Dr. Moses de-Graft Johnson, 47, a dual citizen of the United States and Ghana, was sentenced to seven years in federal prison, for committing health care fraud, conspiracy to commit health care fraud, and aggravated identity theft.
In 2000, before 50 Cent became 50 Cent, he was shot 9 times in his grandmothers’ house in Queens, NY. Dr. Moses deGraft Johnson was then an attending surgeon at the Jamaica Medical center in Queens, New York.
The sentence, following the defendant’s guilty plea on December 18, 2020, was announced by Jason R. Coody, Acting United States Attorney for the Northern District of Florida.
Court documents reflect, for almost four years, beginning in early 2016 until his arrest in February 2020, deGraft-Johnson performed hundreds of unnecessary, invasive surgical procedures of his patients in the Tallahassee area. deGraft-Johnson solicited his victims by establishing relationships with churches, nursing homes, a hospital, and an outreach organization.
In addition to subjecting his patients to unnecessary surgical procedures, deGraft-Johnson victimized others by falsifying their medical records – reflecting surgical procedures that he did not perform.
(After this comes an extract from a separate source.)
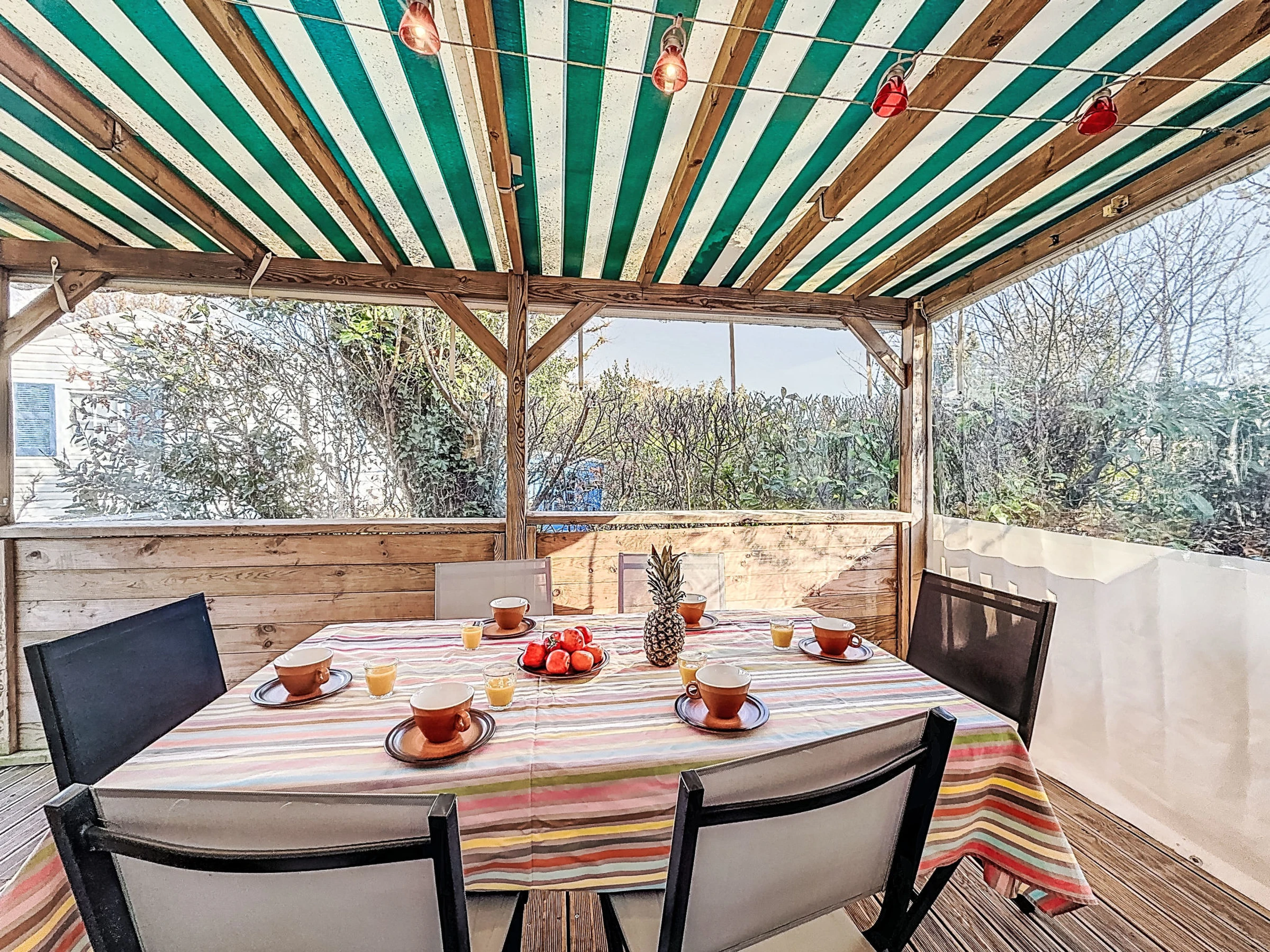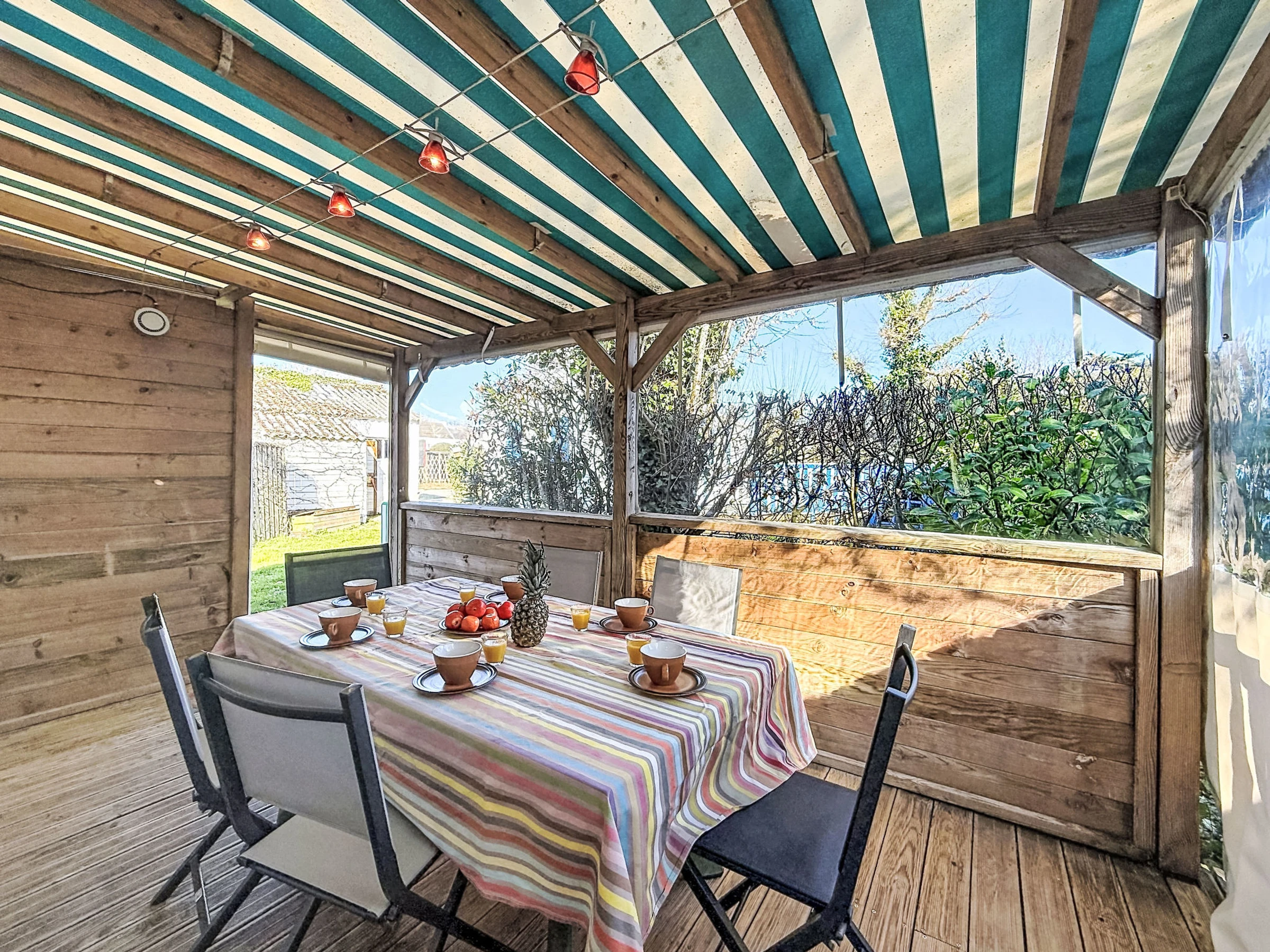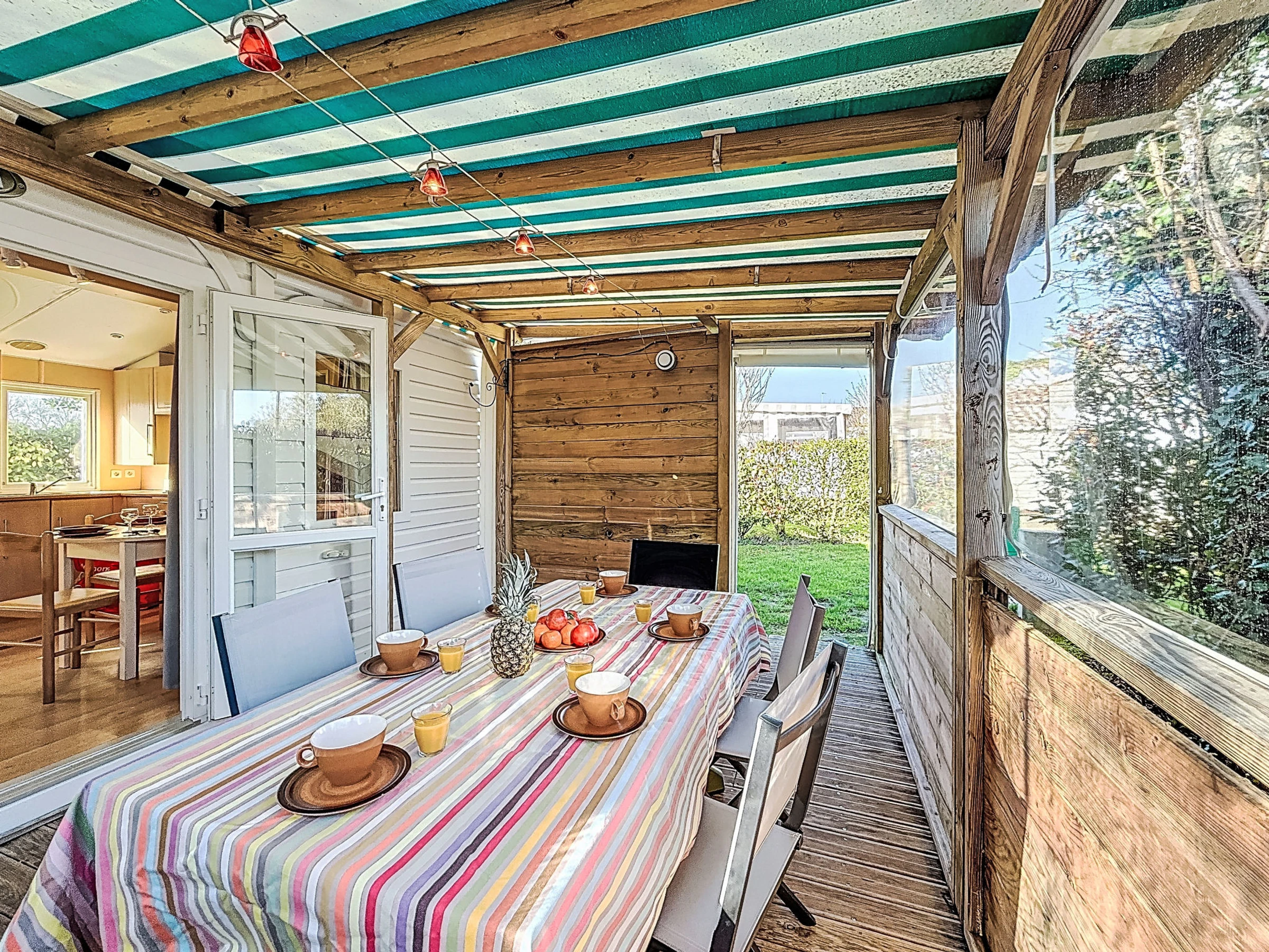 Camping Les Salines: Resort. 30 houses in the resort. In the resort 500 m from the centre of Carnac, 1.5 km from the sea, 1.5 km from the beach. For shared use: hot tub, barbecue. In the house: WiFi, washing machine (extra). Grocery, supermarket 20 m, restaurant, bar 400 m, bakery 500 m, café 100 m, bus stop 600 m, sandy beach "Grande Plage de Carnac" 1.5 km, thermal baths "Thalazur Carnac" 1.2 km. Golf course (18 hole) 15 km, surf school 3.5 km, sailing school 1.5 km, tennis 2.9 km. Nearby attractions: Les Alignements de Carnac 1 km, Le Port de la Trinité-sur-mer 5 km, Auray & Saint-Goustan 19 km, Les remparts de Vannes 33 km, La Presqu'île de Quiberon 16 km, Lorient 49 km. Hiking paths: Golfe du Morbihan 20 km.

This conduct resulted in the creation of erroneous and misleading records that could cause future doctors to determine a mistaken course of medical treatment for many of his patients.
“This physician compromised the health and safety of his patients in favor of illegal profit,” stated Acting U.S. Attorney Coody. “His acts not only violated the law, but the trust of his patients. With the assistance of our law enforcement partners, we remain vigilant to investigate and prosecute all who defraud our citizens for their own personal gain.”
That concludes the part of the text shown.